2018-01-23 14:47 GMT+03:00 [email protected] <[email protected]>:

> Hi Evgenii,
>
>
> Now that error gone , but another exception thrown:
>
>
> [ERROR] 2018-01-23 04:11:58.849 [srvc-deploy-#146] [ig]
> GridServiceProcessor - Error when executing service: null
>
> java.lang.IllegalStateException: Getting affinity for topology version
> earlier than affinity is calculated [locNode=TcpDiscoveryNode
> [id=a732a474-cd9a-4ae6-8366-0d058f1f80a8, addrs=[10.30.91.134], sockA
>
> ddrs=[fx2/10.30.91.134:47500], discPort=47500, order=15, intOrder=15,
> lastExchangeTime=1516680718809, loc=true, ver=2.3.0#20171028-sha1:8add7fd5,
> isClient=false], grp=ignite-sys-cache, topVer=AffinityTo
>
> pologyVersion [topVer=18, minorTopVer=0], head=AffinityTopologyVersion
> [topVer=19, minorTopVer=0], history=[AffinityTopologyVersion [topVer=15,
> minorTopVer=0], AffinityTopologyVersion [topVer=16, minorT
>
> opVer=0], AffinityTopologyVersion [topVer=17, minorTopVer=0],
> AffinityTopologyVersion [topVer=19, minorTopVer=0]]]
>
> at org.apache.ignite.internal.processors.affinity.

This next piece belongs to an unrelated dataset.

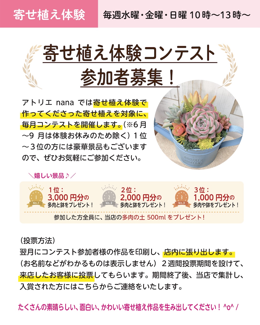 ①寄せ植え内容、②参加したい日時、③お名前、④参加人数をお知らせください。
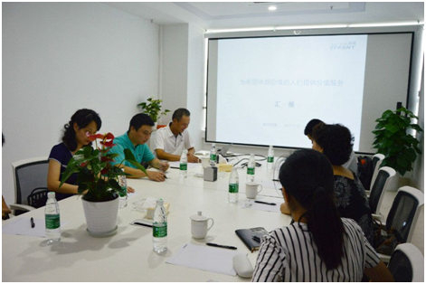 公司總經(jīng)理田為偉和行政總監(jiān)王筱麗、渠道總監(jiān)張貴州陪同領導參觀公司和匯報工作。

> GridAffinityAssignmentCache.cachedAffinity(GridAffinityAssignmentCache.java:514)
> ~[ignite-core-2.3.0.jar!/:2.3.0]
>
> at org.apache.ignite.internal.processors.affinity.
> GridAffinityAssignmentCache.nodes(GridAffinityAssignmentCache.java:419)
> ~[ignite-core-2.3.0.jar!/:2.3.0]
>
> at org.apache.ignite.internal.processors.cache.GridCacheAffinityManager.
> nodesByPartition(GridCacheAffinityManager.java:220)
> ~[ignite-core-2.3.0.jar!/:2.3.0]
>
> at org.apache.ignite.internal.processors.cache.GridCacheAffinityManager.
> primaryByPartition(GridCacheAffinityManager.java:256)
> ~[ignite-core-2.3.0.jar!/:2.3.0]
>
> at org.apache.ignite.internal.processors.cache.GridCacheAffinityManager.
> primaryByKey(GridCacheAffinityManager.java:247)
> ~[ignite-core-2.3.0.jar!/:2.3.0]
>
> at org.apache.ignite.internal.processors.cache.GridCacheAffinityManager.
> primaryByKey(GridCacheAffinityManager.java:271)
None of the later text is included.